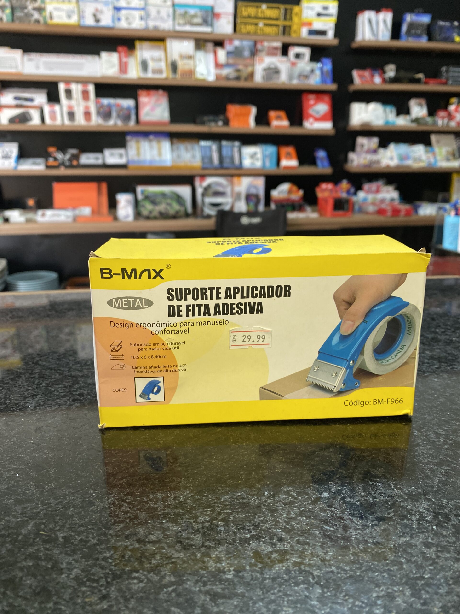 o aplicador de fita é compatível com rolos de fita com largura mínima de 40mm e largura máxima de 52mm.
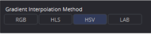[勾配補間法]ボタン配列を使用すると、カラーストップ間の色を計算するために使用する色空間を選択できます。
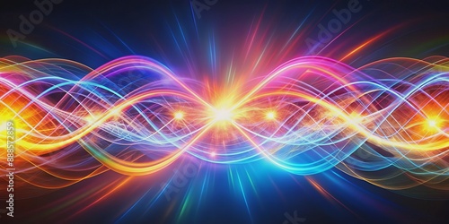 Obraz premium Vibrant-colored light waves converge and overlap, forming a mesmerizing...

* * * *

> _Exercise requirements_
No pictures should appear in the copy. Print exactly the lines above from the line containing "[勾配補間法]ボタン配列を使" through the last line of the data.

> _Solution to this problem_
[勾配補間法]ボタン配列を使用すると、カラーストップ間の色を計算するために使用する色空間を選択できます。
 Obraz premium Vibrant-colored light waves converge and overlap, forming a mesmerizing...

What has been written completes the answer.